From NOSQL to MySql (BDB to mysql) - Part1

Before I joined the company it was evolving from a search and share company to a cloud file server and we were using lucene as a datastore for metadata but it was always lagging in updates as  you cant update data realtime in lucene. Then we were going to NFS for metadata but it was not scaling for metadata calls as NFS protocol was never meant to scale to web2.0 volume. So someone picked up Berkeley DB as a backend. The only reason to not pick any other NoSQL products was that none of them had multi row transactions capabilities and relational db was not picked as it would take time to port code to relational db. I had recently joined at that time and then company became a hit and we scaled from 3-4 nodes in one data centre to 60-100 nodes across multiple datacentre. We are still going through the scaling phase and believe me it is not fun scaling Berkeley db.  Berkeley db works fine if you can hold your dataset in memory but as soon as you start hitting dbs of size 10G or more it becomes a nightmare.

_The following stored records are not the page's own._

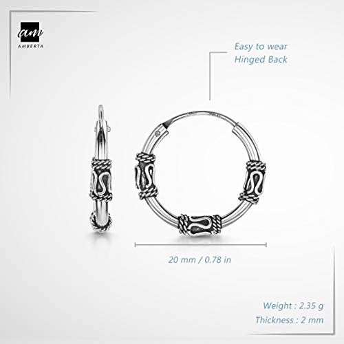 Amberta Orecchini a Cerchio Stile Bali in Argento Sterling 925 per Donna: Motivo Etnico 20 mm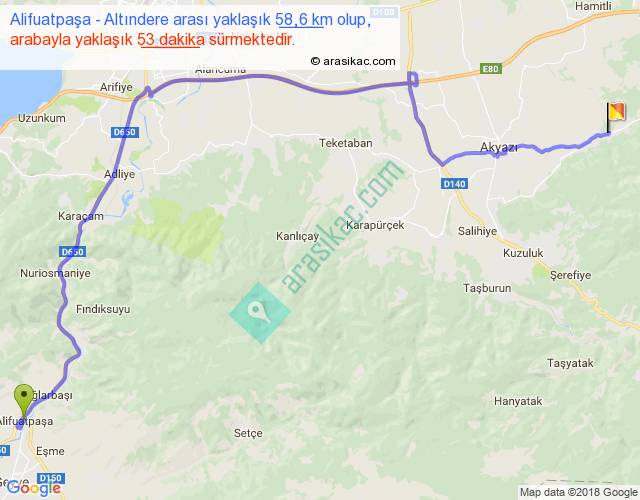 Alifuatpaşa - Altındere arası yaklaşık olarak 90 km/h ile yukarıda belirtilen sürede olup, iki yerin kuş uçuşu uzaklığı (mesafesi) 38'dir. Yolculuk otobüsle 1 saat 8 dakika sürmektedir.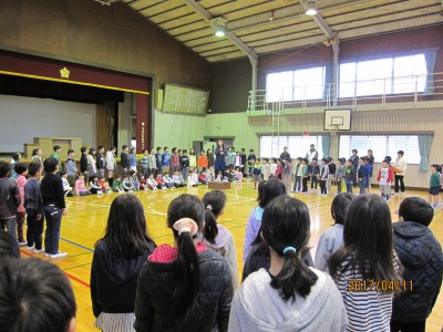 4月11日。「ようこそ1年生朝会」が行われました。6年生が手をつないで入場しました。1年生は、自分の名前を大きな声で言うことができました。2年生〜6年生は「小さな勇気」の歌を1年生にプレゼントしました。そして1年生と一緒にジェンカで遊びました。これからもたくさん一緒に遊びましょう。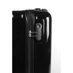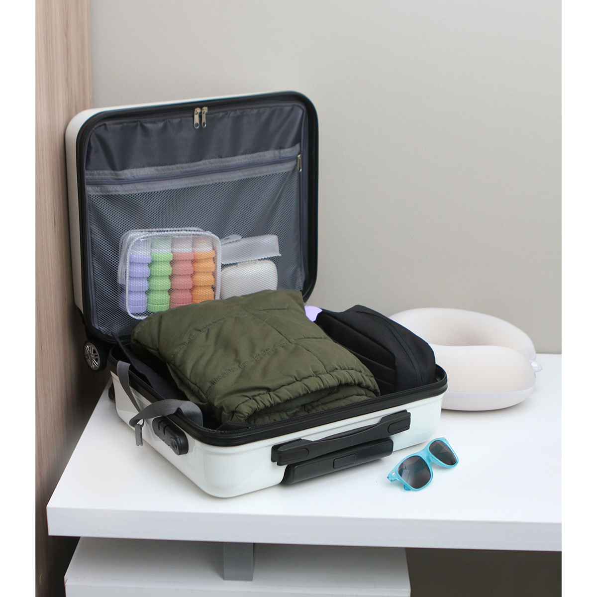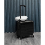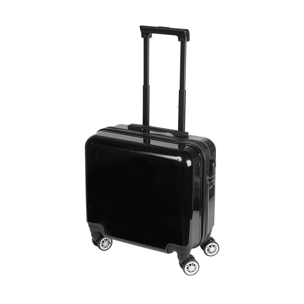 Maleta de viaje fabricada en plástico tipo ABS, con diseño liso y forro de poliester. Tiene una bolsa interna con cierre y otra más pequeña al frente de tela tipo mesh con cierre y dos contas con broche a presión para mantener seguras tus pertenencias. Esta maleta está diseñada para soportar los rigores de los viajes y proteger pertenencias de manera efectiva. Tiene 4 llantas giratorias que te permiten desplazarte sin esfuerzo en cualquier dirección y agarradera de acero desplegable en la parte superior, la cual se puede ajustar a la altura deseada. Por su tamaño la convierte en una maleta para viajes cortos e incluso para uso diario si se necesita. Su capacidad de carga es de 8KG , y 34 litros de capacidad.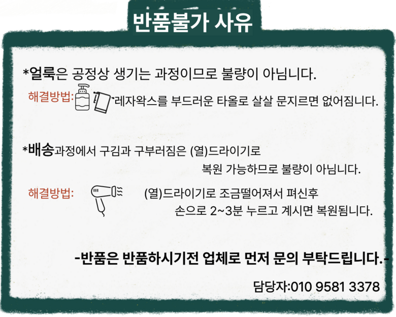 - ㆍ모니터 해상도의 차이로 인해 색상이나 이미지가 실제와 달라, 고객이 단순 변심으로 교환/반품을 무료로 요청하는 경우

The main issues we find with Berkeley db are:

  1. Its difficult or I should say impossible to find people qualified enough to diagnose Berkeley db crashes. We hired a consultant at some costly hourly rates but all he would give is theoretical knowledge and not enough details of the crash.
  2. As its an in memory db if tomcat is hung and kill -hup wont work then we always have to  cross our fingers doing a kill -9 as sometimes we would lose data.
  3. Sometimes DB would get corrupt pages and we would have to do a catastrophic recovery and we would lose data so temporarily I had to build an alternate replicated mysql db writing some ETL code for partial recovery of metadata.
  4. As Berkeley db is an in memory db  the only way to query data is to write a JSP. Simple queries from marketing or products team would require us to write a jsp. Updating data to fix corrupt data was no fun either.
  5. We tried hard to enable replication to other node to scale read operations but our write rates were so high that replication would always lag and it works in development but never in production.
  6. Backing up Berkeley db and rsync of logs to filers would cause IO issues on nodes.
  7. Log churn on Berkeley db would cause IO issues.
  8. To add an index you have to write code and db would become fragmented so lately we are just shutting down nodes every week and copying db to another folder and moving it back to defrag it or in worse case we have to dump/reload the db.
  9. So due to above issues we were left with pinning customers to a node and nodes would become hotspots and one bad customer would affect other customers.
  10. We had to put throttles in system as we cant serve a customer from two or more nodes due to in memory issues.
  11. Very few engineers would have the aptitude to dig deep into Berkely db code and fix issues, it took me some time to digest but it opened my vision to NOSQL dbs and I was able to apply same concepts when we added cassandra to some other usecase.
  12. Sometimes we throw more hardware to solve the issue and its not cost effective in longer term.
  13. Indexes was another issue, you have to write code to add an index and that means you will have to go thought whole release cycle to get index on a db. 
  14. Adding salt to injury was that indexes wont get created on db startup, they would only get created when someone accesses a db, for a customer with 3-4M files this could take anywhere from 10-20 mins if the server is busy or 1 min if server is idle. This unpredictable performance of bdb was making us nuts.  Whenever we would create an index we had to remember to run empty snapshot queries to generate the indexes on weekend and that would mean painful exercise to repeat on 60 nodes as one or the other node would get hung and you would end up spending anywhere from 4-5 hours fixing it.
  15. BDB Locks were another pain, bdb support page level locks instead of row level locks and that means more chance of deadlocks, we would get constant deadlocks if a background thread like Trash purge Quartz job is aggressively trying to purge data and same customer is trying to add files at same time. We had to implement application level locks to prevent such scenarios and that complicates the code.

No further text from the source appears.